What the exercise asks ▸ From the line containing "圖為寧波市環(huán)保局" to the last line of the records below, transcribe everything exactly, pictures excluded.

Provided data ▸
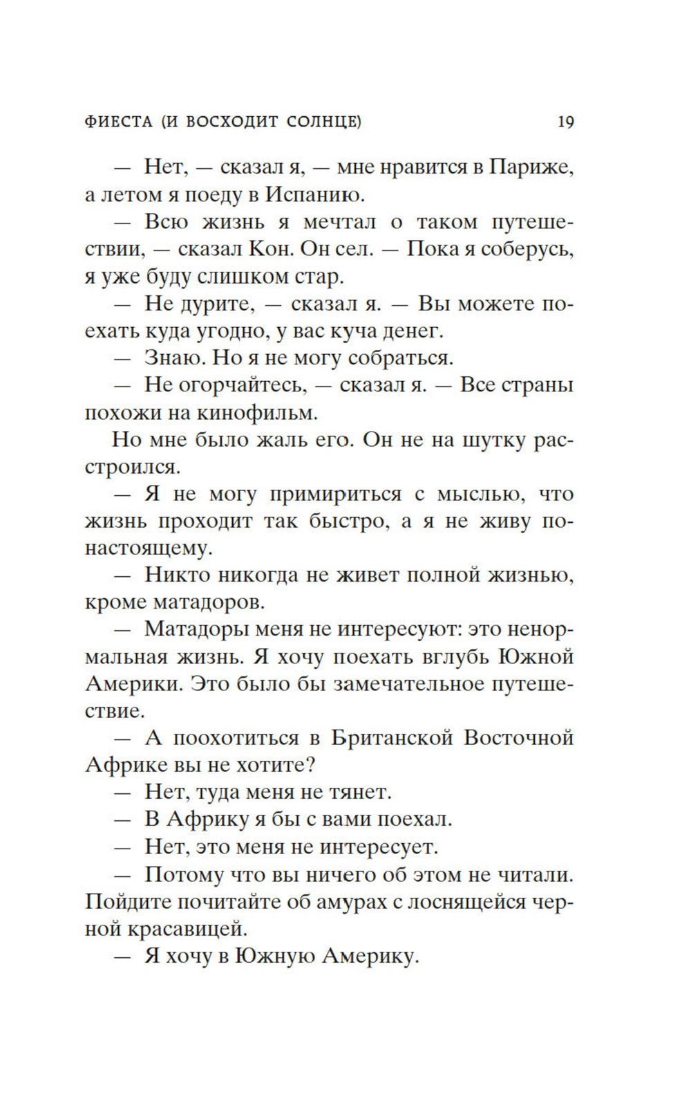 Эрнест Хемингуэй (1899-1961) - знаменитый американский писатель, лауреат Пулицеровской и Нобелевской премий, автор таких книг, как «Прощай, оружие!», «Старик и море», «По ком звонит колокол» и многих других. Первый роман Эрнеста Хемингуэя «Фиеста» («И восходит солнце»), принесший автору широкую известность (в 1983 году газета «Нью-Йорк таймс» сообщила, что роман был непрерывно в печати с момента публикации и является одним из самых переводимых американских романов), основан на реальных событиях. Герои романа (принадлежащие к так называемому потерянному поколению), вернувшиеся с Первой мировой войны, стремятся уйти от тягостных воспоминаний и забыться в легкой парижской жизни. Они испытывают постоянную жажду новых переживаний и голод по сердечному человеческому общению. А почувствовать себя обновленными, полнокровно живыми они могут лишь в те редкие минуты, которые дарует им самозабвенная любовь и дружба.| Издательство | Азбука |
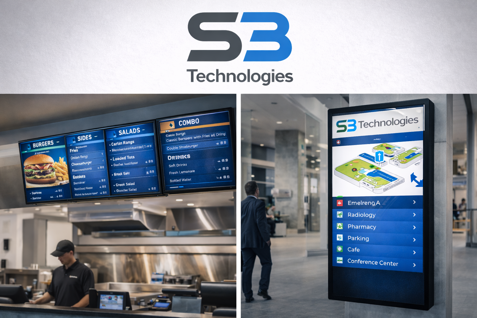 Beyond visual impact, digital signage plays a critical role in safety and navigation. S3 solutions support:
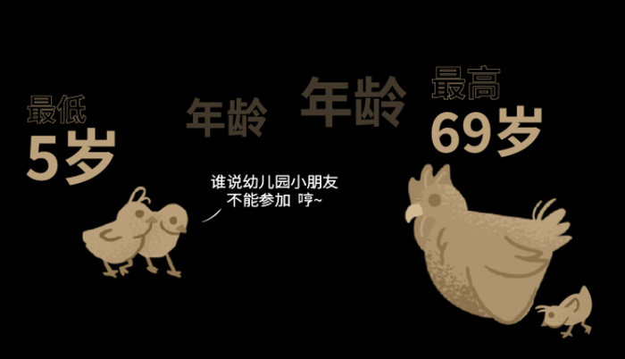 投稿作者年龄横跨近三辈人,最年长的选手69岁,最年轻的仅5岁,可谓全民参与,老中青齐上阵,其中50年代的参赛者有7位、60年代的参赛者有15位、70-80年代的参赛者有338位,而90年代的参赛者则占比最高,人数达到434位,千禧年代的参赛者也达到279位。
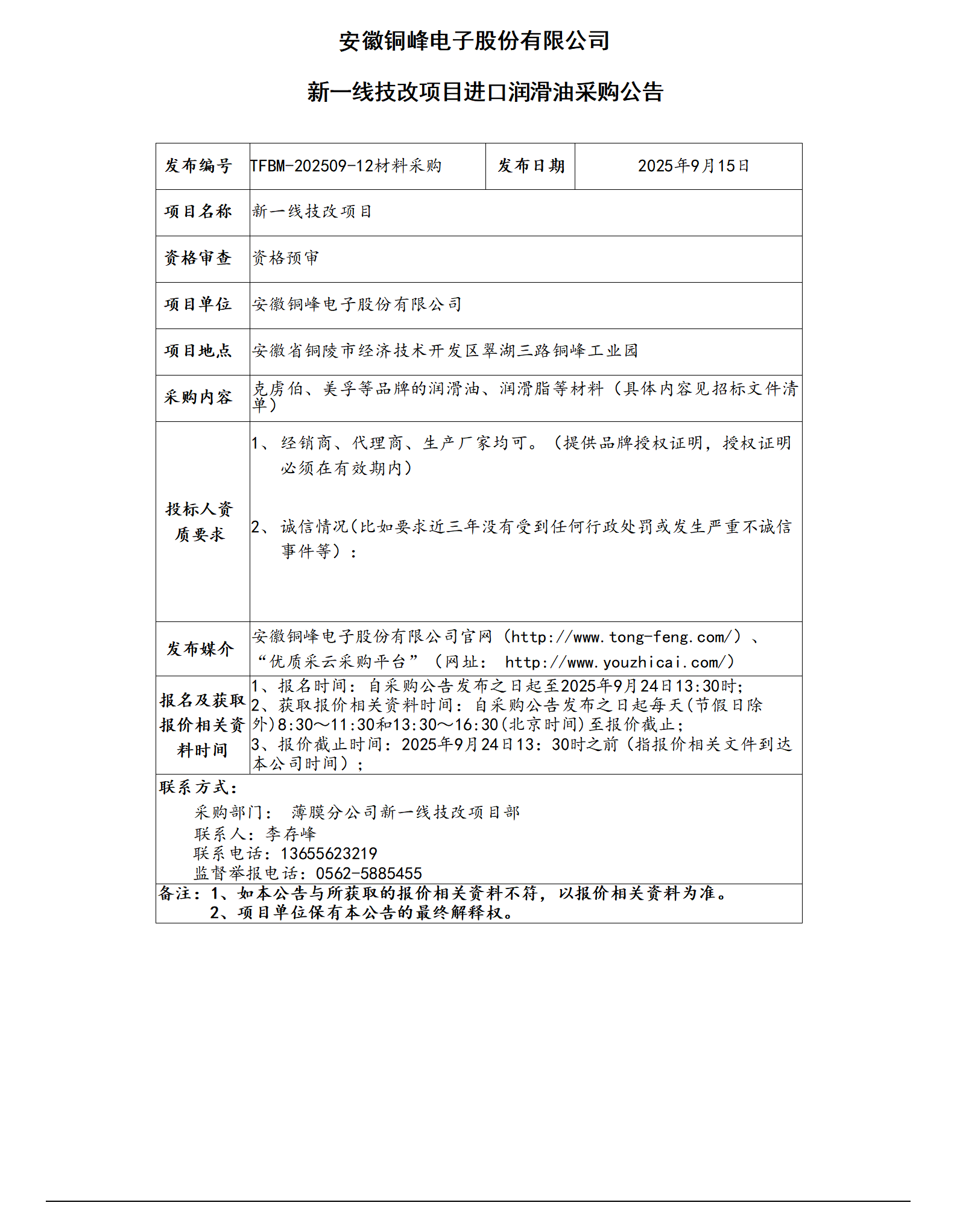 安徽旋乐吧SPIN8电子股份有限公司 (新一线技改项目进口润滑油采购公告)_01
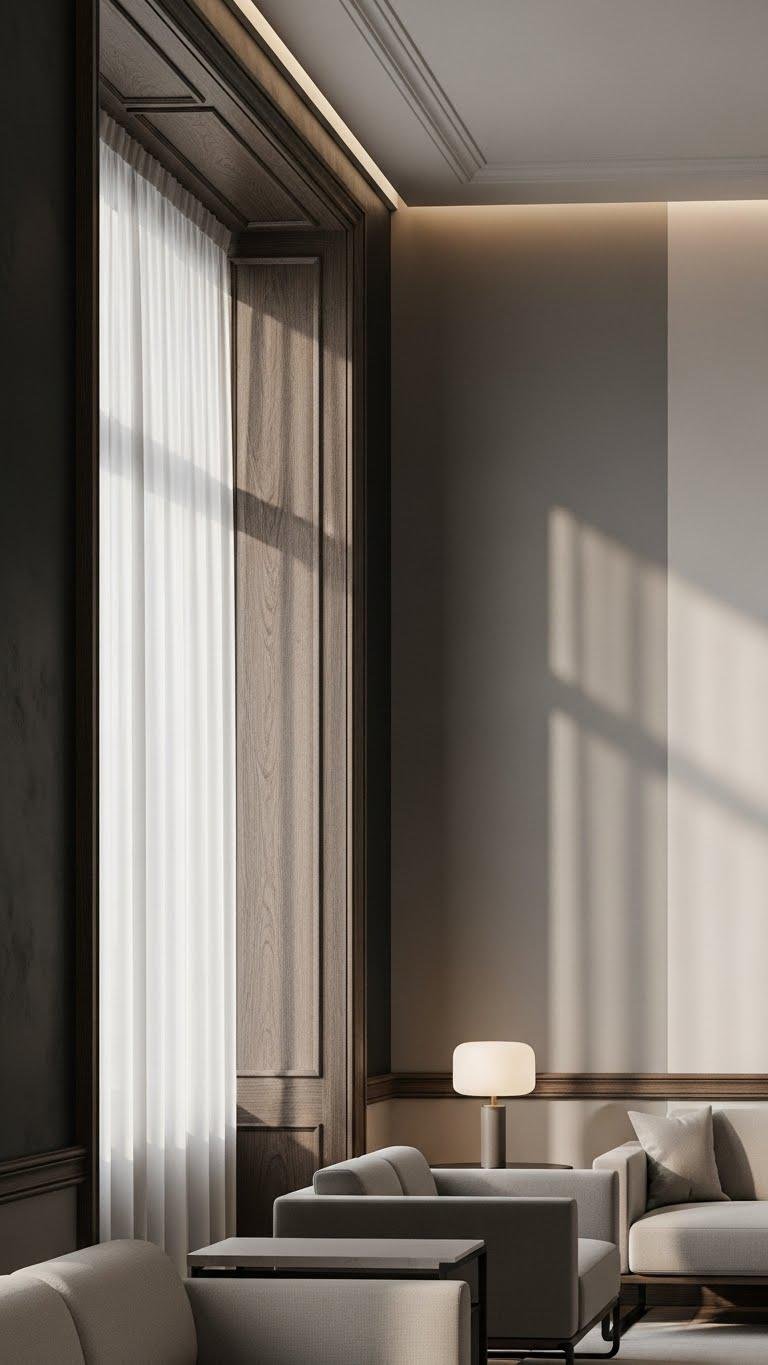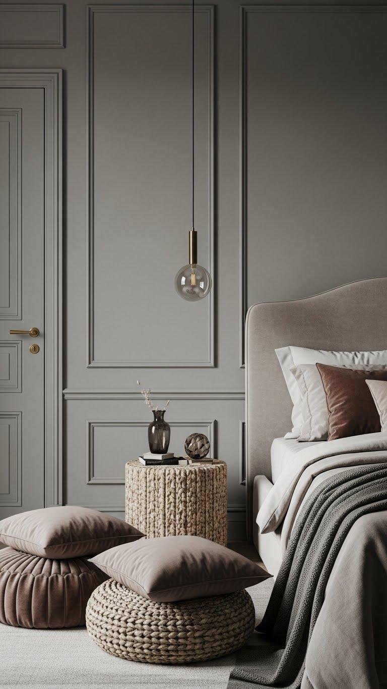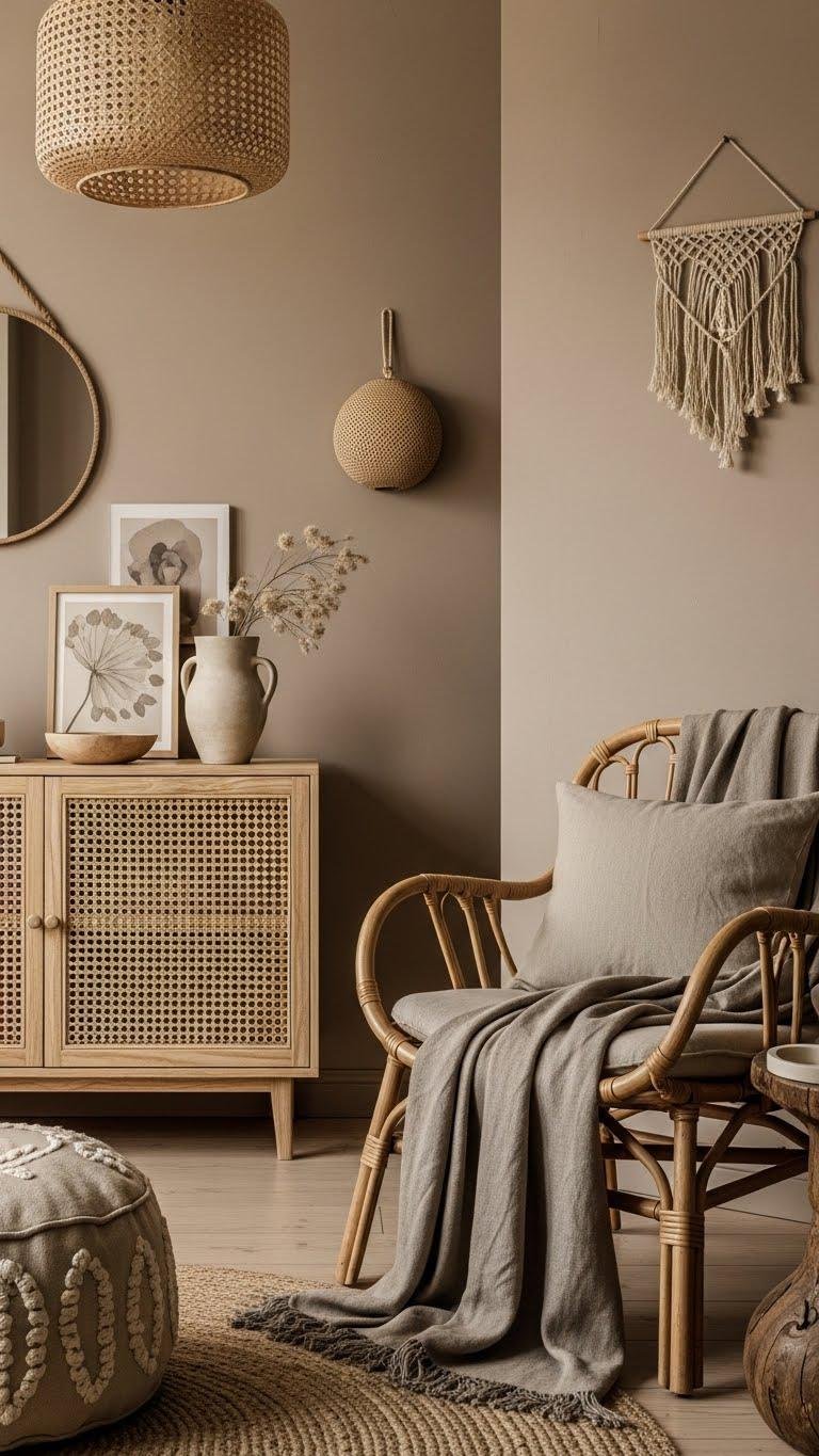 When you choose warm-neutral paints—think greige, soft taupe, or creamy mushroom—you anchor the room in a cocooning base that flatters wood tones and natural textiles.
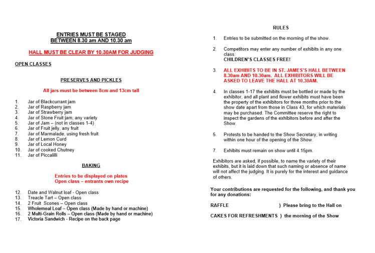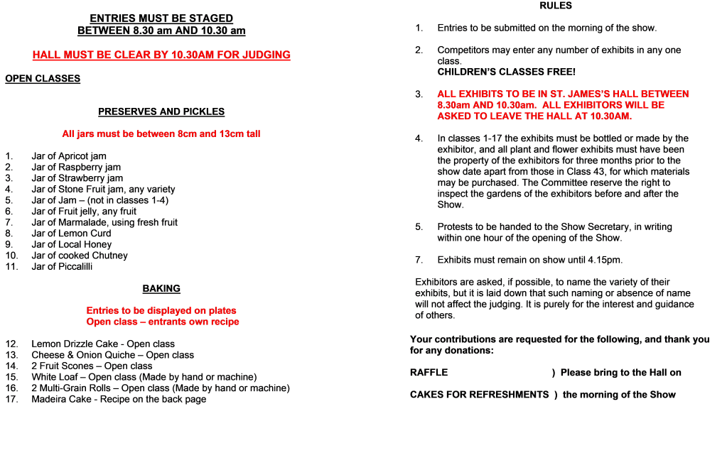 Summer Show St James Hall, Sat 3rd, 8.30am to 5.00p.m The Schedule for the Summer Show can be found in “2022 Gallery”
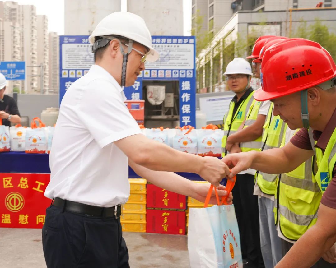 中核(长沙)肿瘤医院项目,总投资超60亿元,目前已完成一期主体结构封顶,建设现场一派繁忙,施工队伍正抓紧推进施工进度。在项目现场,黄军其详细了解项目建设情况、工人作息安排及防暑降温措施,叮嘱大家要注意施工安全、科学防暑,对大家不畏酷暑、坚守岗位表示诚挚问候和衷心感谢,并把防暑降温物资一一送到大家手中。
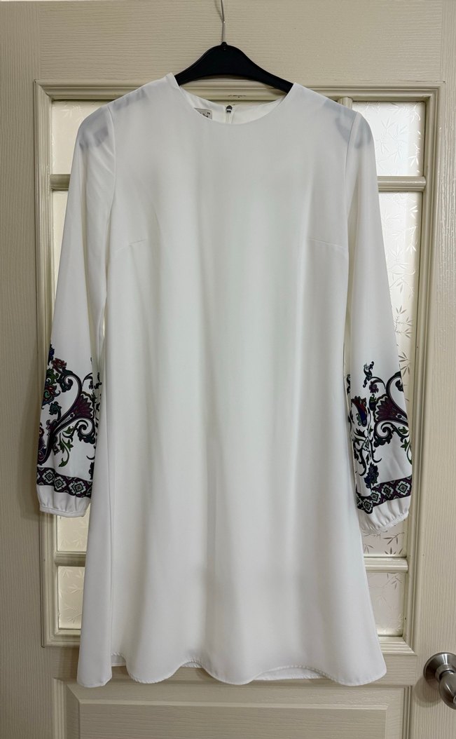 Uzun kollu, nakışlı detaylara sahip bol kesim beyaz tunik. Yuvarlak yaka ve drapeli tasarımla, yumuşak sentetiktir. 38 bedendir bir kere giyilmiştir.
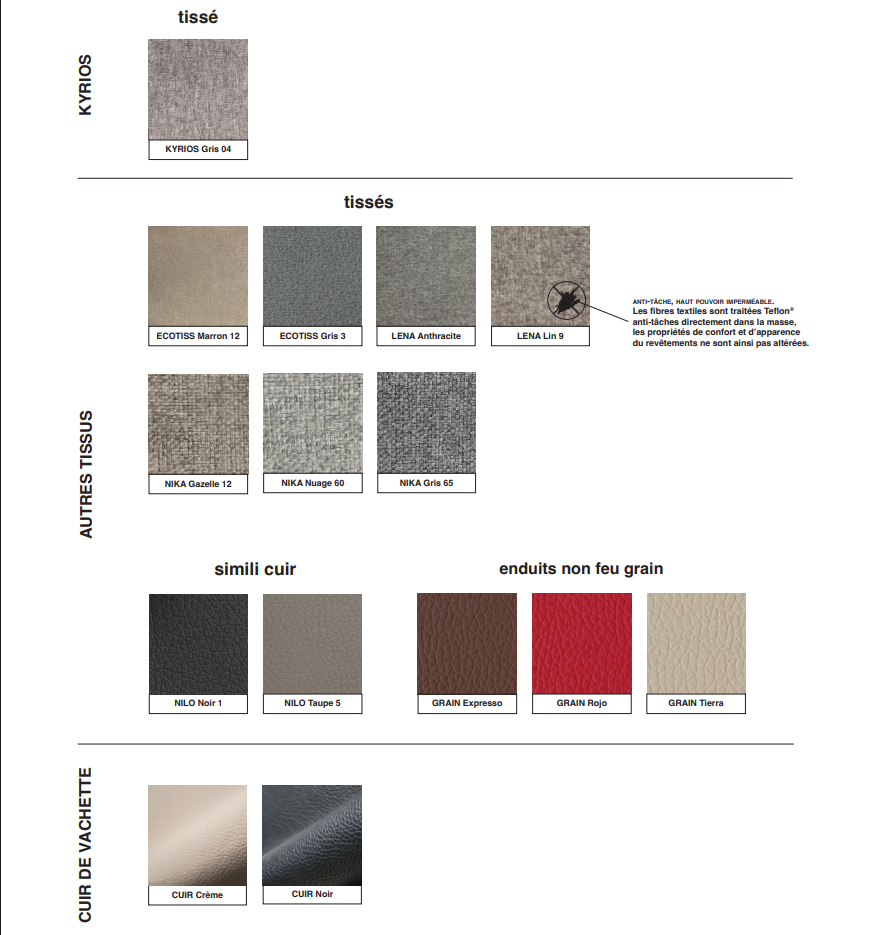 • Revêtements cuir, enduit, tissus, enduit non feu (M1)
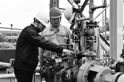 圖為寧波市環(huán)保局技術(shù)人員正在寧波樂金甬興化工有限公司進(jìn)行VOCs泄漏檢測。 朱智翔攝
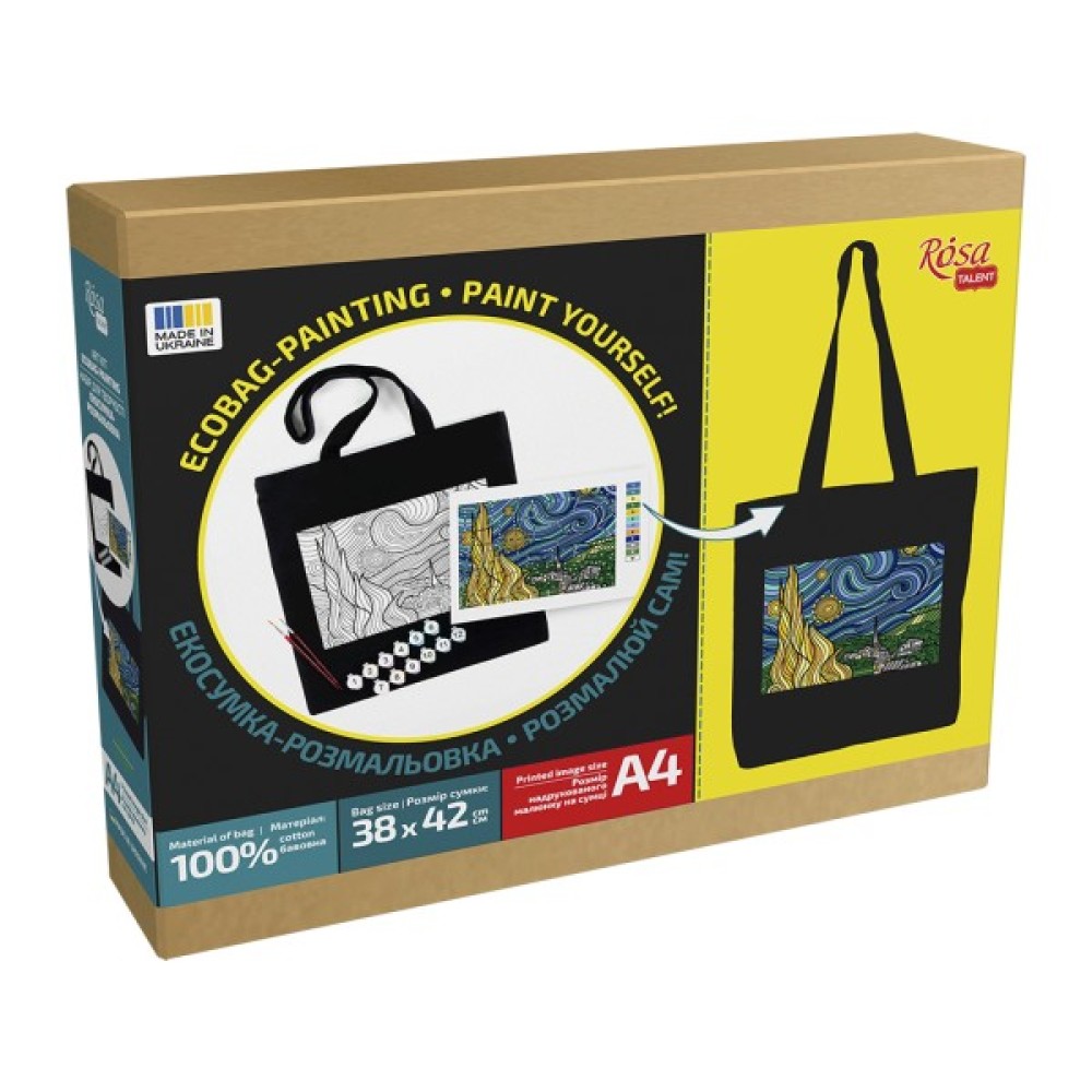 - Комплектація: екосумка, фарби акрилові для тканин ROSA Talent, якісні художні пензлі, кольорова схема, прозорий пакет, етикетка з покроковою інструкцією на звороті

Reply ▸
 圖為寧波市環(huán)保局技術(shù)人員正在寧波樂金甬興化工有限公司進(jìn)行VOCs泄漏檢測。 朱智翔攝
 - Комплектація: екосумка, фарби акрилові для тканин ROSA Talent, якісні художні пензлі, кольорова схема, прозорий пакет, етикетка з покроковою інструкцією на звороті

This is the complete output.